WHAT IS BEING ASKED> Extract the opening line of the entries and every line after it, stopping at and including the line that contains "10月19日上午,市委常委、". Do not include pictures.
[THE INPUT]
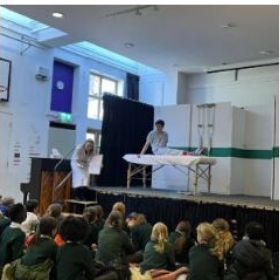 First they had a French lesson taught by our Year 10 French pupils and then both schools enjoyed a fun French performance of ‘Parlez-vous français?’ by Onatti Productions.
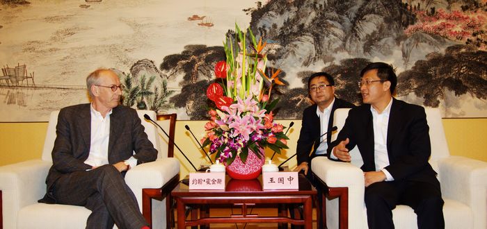 10月19日上午,市委常委、宣传部长王国中会见了来锡考察的“世界创意产业之父”约翰·霍金斯先生,双方进一步加强文化创意产业合作事宜进行了深入交流。市文广新局叶建兴等主要负责人一同参加了会见。
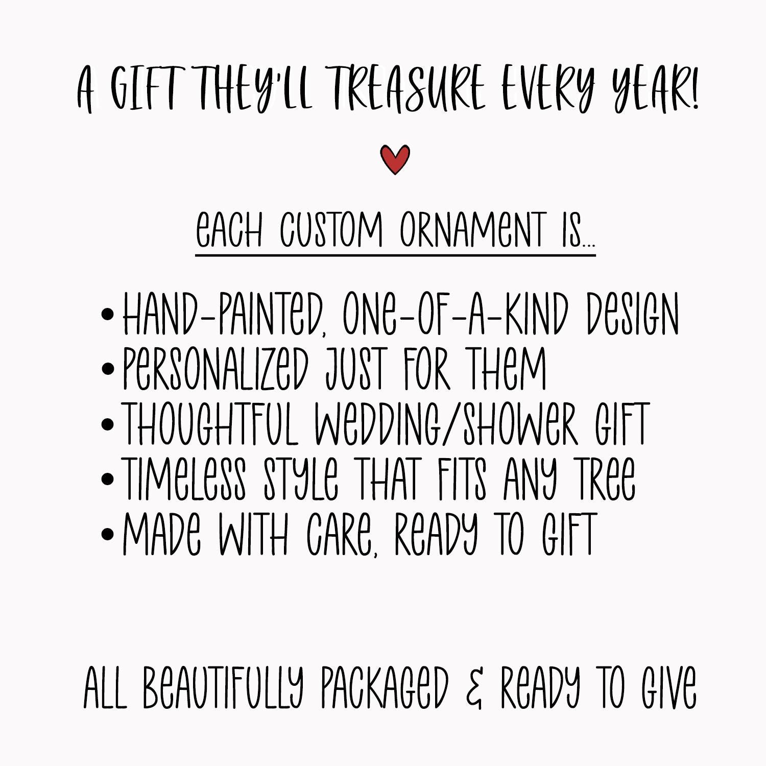 Celebrate the journey from “engaged” to “married” with a personalized wedding gift that captures every special moment. This handpainted ornament set featuring custom names and date creates a meaningful keepsake perfect for weddings, engagements, and newlywed celebrations.
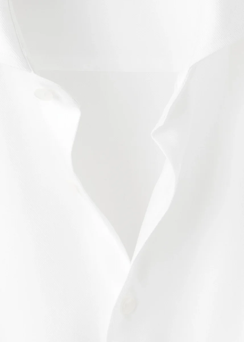 Regularny krój. 100% bawełna. Kołnierzyk z wycięciem. Długie rękawy z mankietami zapinanymi na guziki. Zapięcie na guziki z przodu. Zaokrąglony dół.
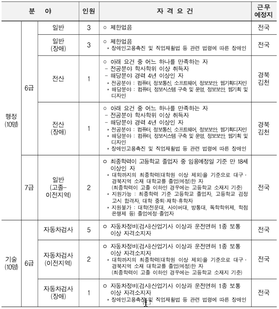 · 이전지역인재 기준(혁신도시 조성 및 발전에 관한 특별법) : 대학까지의 최종학력(대학원 이상 제외)을 기준으로 대구/경북지역 소재 대학교 졸업(예정)자로 한함
[/THE INPUT]
REPLY TO THE TASK>
 First they had a French lesson taught by our Year 10 French pupils and then both schools enjoyed a fun French performance of ‘Parlez-vous français?’ by Onatti Productions.
 10月19日上午,市委常委、宣传部长王国中会见了来锡考察的“世界创意产业之父”约翰·霍金斯先生,双方进一步加强文化创意产业合作事宜进行了深入交流。市文广新局叶建兴等主要负责人一同参加了会见。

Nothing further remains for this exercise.